Abstract

Typical hexameric helicases form ring-shaped structures involved in DNA replication. These enzymes have been proposed to melt forked DNA substrates by binding to, and pulling, one strand within their central channel, while the other strand is forced outside of the hexamer by steric exclusion and specific contacts with the outer ring surface. Transcription termination factor Rho also assembles into ring-shaped hexamers that are capable to use NTP-derived energy to unwind RNA and RNA-DNA helices. To delineate the potential relationship between helicase structural organization and unwinding mechanism, we have performed in vitro Rho helicase experiments with model substrates containing an RNA-DNA helix downstream from a Rho loading site. We show that a physical discontinuity (nick) inhibits RNA-DNA unwinding when present in the RNA but not in the DNA strand.
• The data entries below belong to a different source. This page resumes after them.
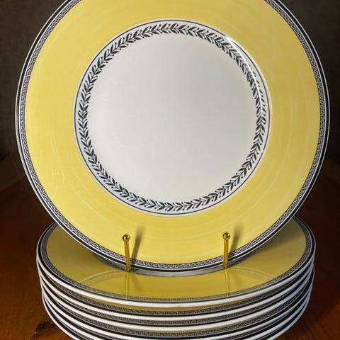 Flotte tallerkener fra Christineholm med dyb blå kant og guldmønster rundt i kanten. Sælges samlet, se billeder for mønster og form.
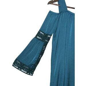 VaVa by Joy Han XS Teal Green Long Sleeve Cold Shoulder Flared Sleeve Dress
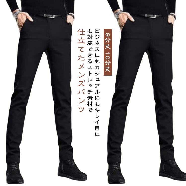 9分丈 スリムパンツ 伸縮 メンズ 春 スキニーパンツ 10分丈 長ズボン 夏用 スラックスパンツ ストレッチ 黒 秋 パンツ カシュガル 快適 ビジネス ゴルフパンツ 大きサイズ 細身
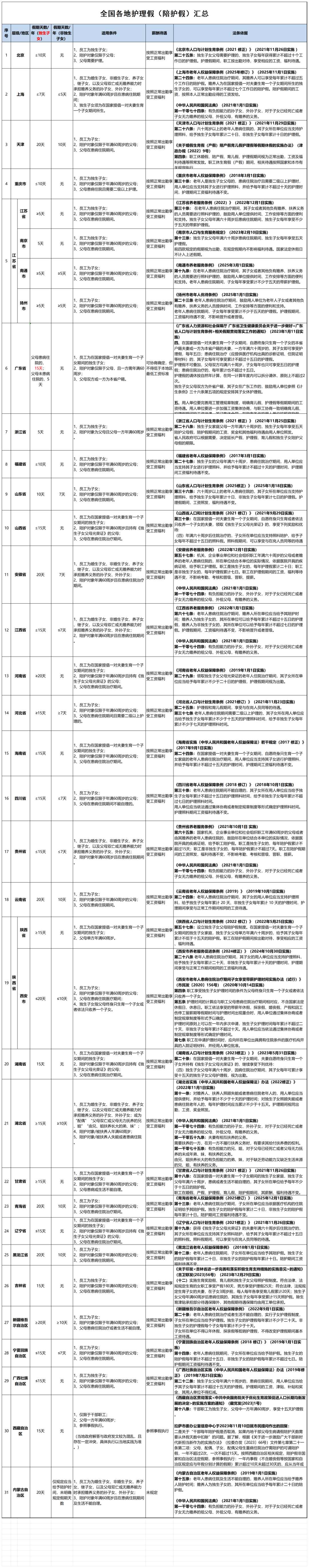 独生子女优势显著:天津、安徽、云南、黑龙江、内蒙古等地给予20天护理假,为全国最高;河南、新疆等地也明确不少于20天。
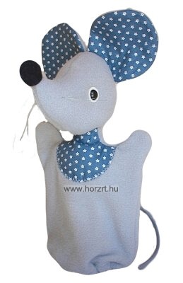 Magyarországon előállított, többnyire magyar alapanyagokból, kézi munkával készített, magas minőségű termék, mely kimondottan pedagógia módszertani szempontok alapján lett kialakítva. Felnőtt kézre méretezve, így kiválóan alkalmas az anyanyelvi vagy zenés foglalkozások színesítésére, kiegészítésére. Az egér kesztyűbáb 25-30 cm nagyságú, ötujjas, puha textil anyagból készült báb. Teste szürke, kék alapon fehér mintás vászon betétekkel. Hosszú orrának hegye fekete, szemei kis méretűek és gombszerűek, így hűen tükrözik az állat jellegzetes megjelenését. Nagy fülei barátságos és mókás külsőt biztosítanak.
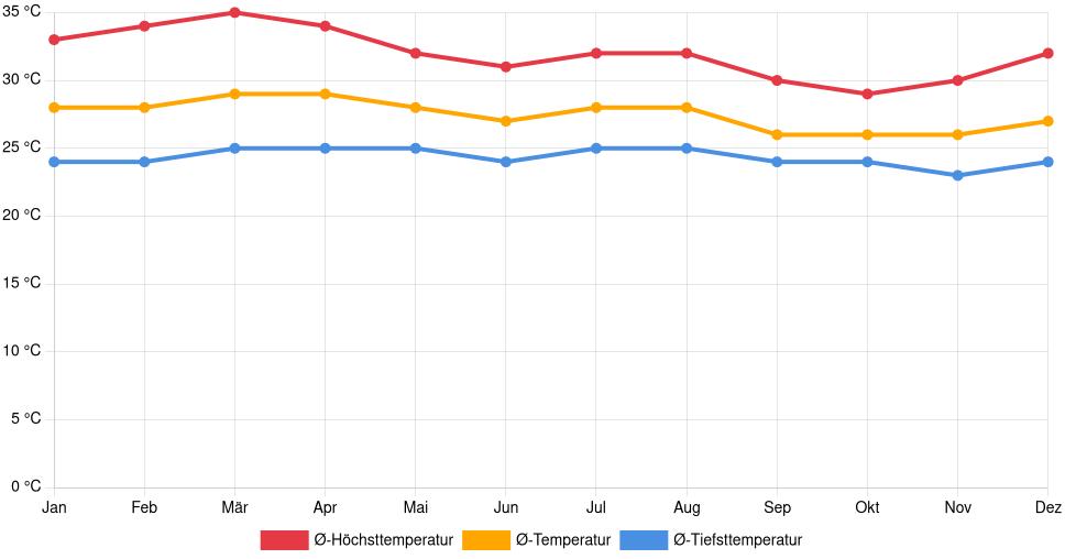 | Ø‑Temperatur | 28 °C | 28 °C | 29 °C | 29 °C | 28 °C | 27 °C | 28 °C | 28 °C | 26 °C | 26 °C | 26 °C | 27 °C |

Moreover, the presence of a 3'-overhanging DNA tail (Y-shaped substrate) does not affect initial Rho binding but can impair helicase activity. This inhibitory effect varies with the length of the tail, is independent of the identity (A or U) of the tail residues, and is also obtained when a biotin-streptavidin complex replaces the single-stranded DNA arm. However, it is readily relaxed upon moving the reporter RNA-DNA helix farther from the Rho loading site. The data indicate that the Rho helicase uses a steric exclusion mechanism whereby the initial formation of a productive Rho-transcript complex is a crucial rate-limiting event, while no specific interactions with the displaced strand are required. These results outline significant similarities as well as some differences in the mechanism of unwinding between Rho and other hexameric helicases which are discussed in relation with the biological function of the Rho helicase.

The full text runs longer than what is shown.